Problem to work on — The answer should hold only the lines from the one containing "在配色方面,弗朗茨采用了玫瑰" through the one containing "鏡開き(3歳児) 公開日 2024/01/11" in the entries below, copied exactly, without pictures.
━━ Supplied records ━━
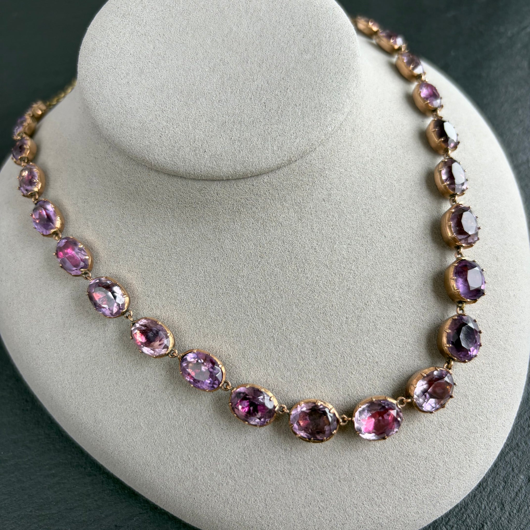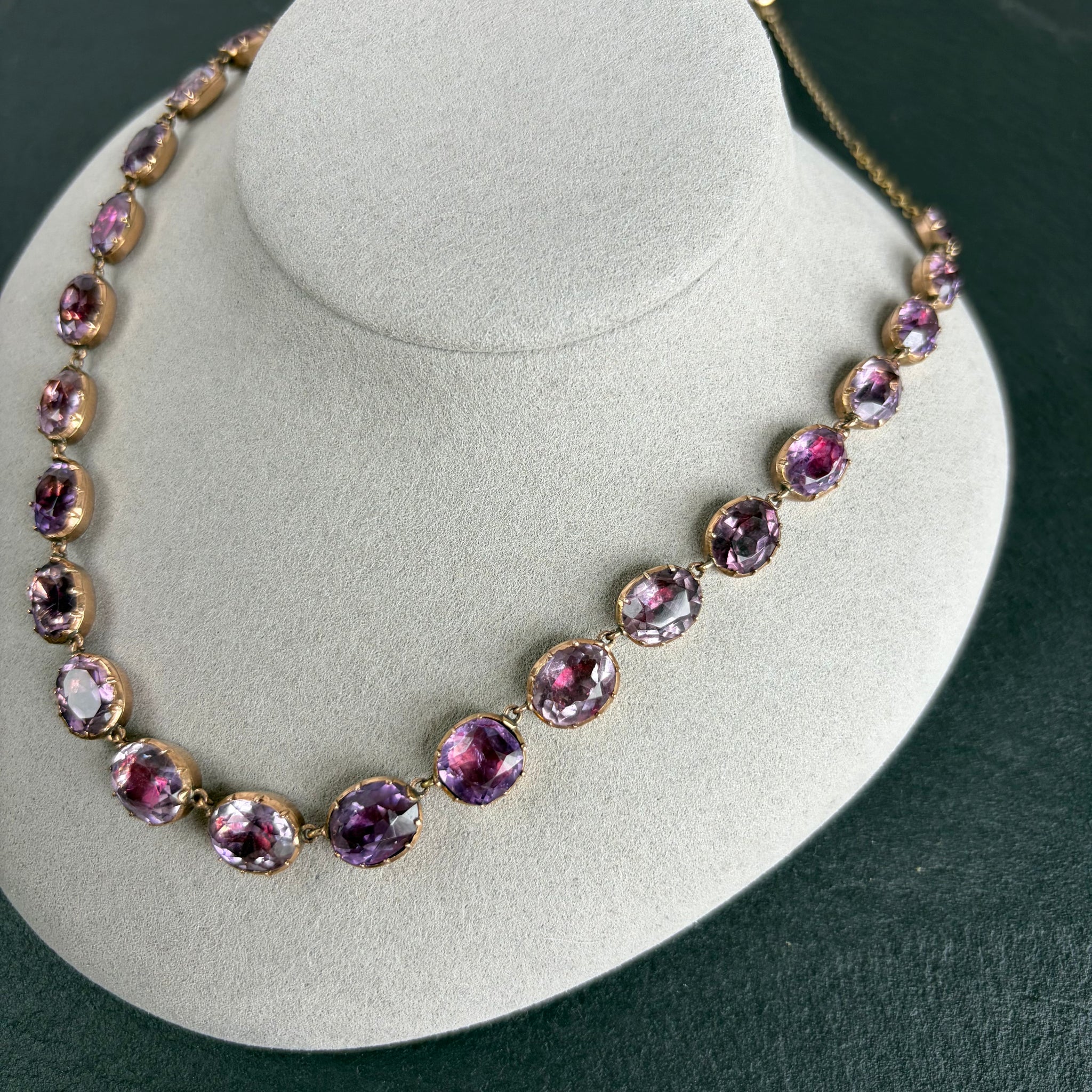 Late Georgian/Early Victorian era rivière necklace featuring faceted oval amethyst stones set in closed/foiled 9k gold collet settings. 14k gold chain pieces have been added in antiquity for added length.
━━━
━━ Supplied records ━━
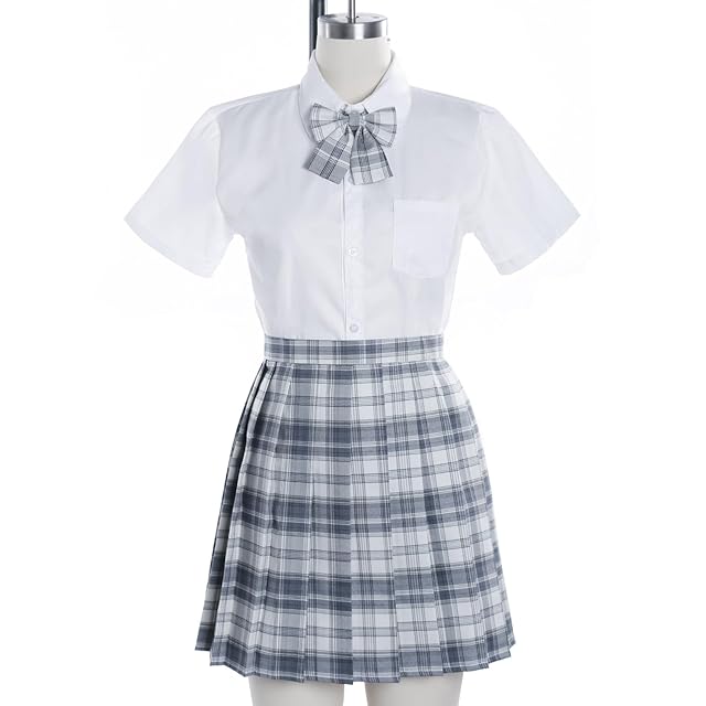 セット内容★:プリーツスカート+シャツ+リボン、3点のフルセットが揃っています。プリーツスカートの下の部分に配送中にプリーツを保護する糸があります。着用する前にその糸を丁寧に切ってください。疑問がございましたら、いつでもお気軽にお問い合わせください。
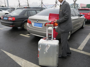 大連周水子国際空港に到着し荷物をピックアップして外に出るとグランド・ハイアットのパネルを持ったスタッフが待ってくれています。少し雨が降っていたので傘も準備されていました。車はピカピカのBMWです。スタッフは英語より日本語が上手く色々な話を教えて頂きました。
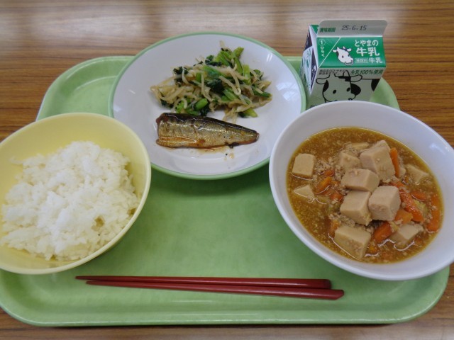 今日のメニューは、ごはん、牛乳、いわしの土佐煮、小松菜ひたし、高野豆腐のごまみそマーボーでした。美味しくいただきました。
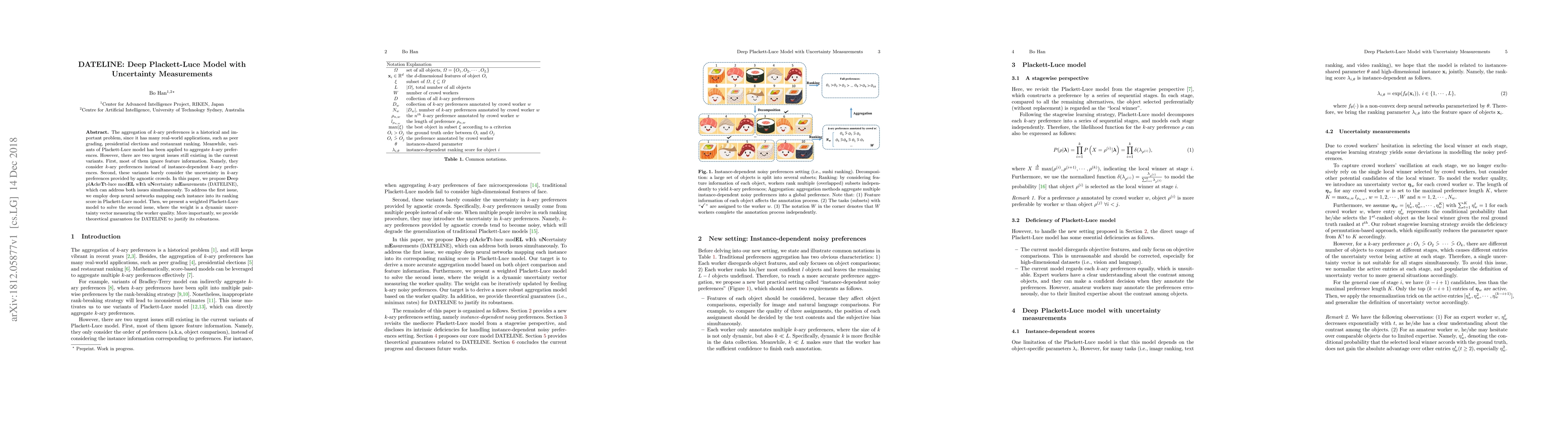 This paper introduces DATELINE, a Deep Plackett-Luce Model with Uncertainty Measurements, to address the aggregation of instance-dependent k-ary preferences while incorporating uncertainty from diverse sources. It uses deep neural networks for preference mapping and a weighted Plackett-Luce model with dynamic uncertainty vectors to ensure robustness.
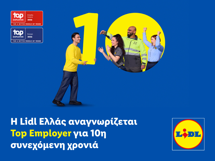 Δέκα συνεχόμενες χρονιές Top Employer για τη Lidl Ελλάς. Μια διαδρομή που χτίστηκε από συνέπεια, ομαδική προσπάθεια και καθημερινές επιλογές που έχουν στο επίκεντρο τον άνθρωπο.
━━━
━━ Supplied records ━━
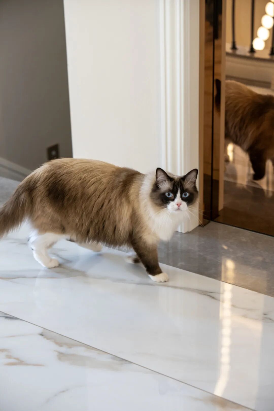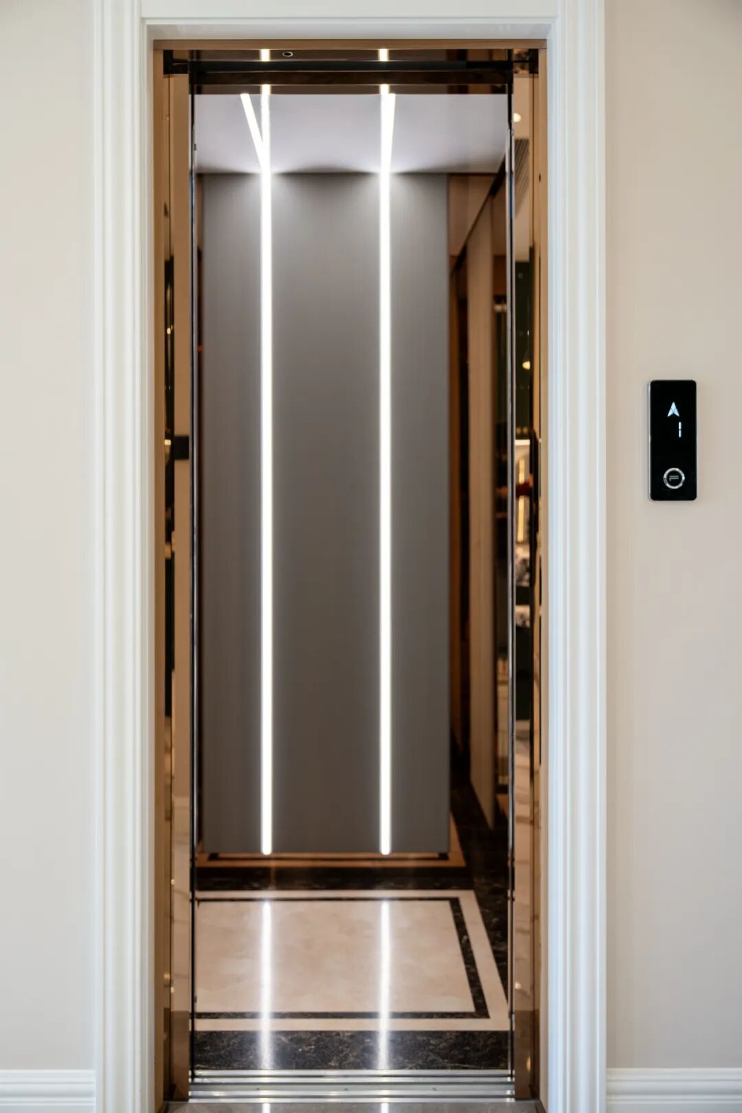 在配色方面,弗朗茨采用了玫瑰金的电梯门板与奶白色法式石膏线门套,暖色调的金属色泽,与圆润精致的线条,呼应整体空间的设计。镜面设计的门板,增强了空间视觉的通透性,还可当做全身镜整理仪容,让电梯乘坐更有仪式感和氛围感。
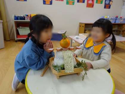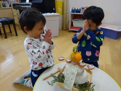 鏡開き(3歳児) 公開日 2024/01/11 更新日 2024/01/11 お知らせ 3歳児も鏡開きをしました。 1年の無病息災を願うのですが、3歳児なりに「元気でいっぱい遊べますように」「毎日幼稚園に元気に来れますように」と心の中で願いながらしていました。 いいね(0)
━━━
Response area —
 在配色方面,弗朗茨采用了玫瑰金的电梯门板与奶白色法式石膏线门套,暖色调的金属色泽,与圆润精致的线条,呼应整体空间的设计。镜面设计的门板,增强了空间视觉的通透性,还可当做全身镜整理仪容,让电梯乘坐更有仪式感和氛围感。
 鏡開き(3歳児) 公開日 2024/01/11 更新日 2024/01/11 お知らせ 3歳児も鏡開きをしました。 1年の無病息災を願うのですが、3歳児なりに「元気でいっぱい遊べますように」「毎日幼稚園に元気に来れますように」と心の中で願いながらしていました。 いいね(0)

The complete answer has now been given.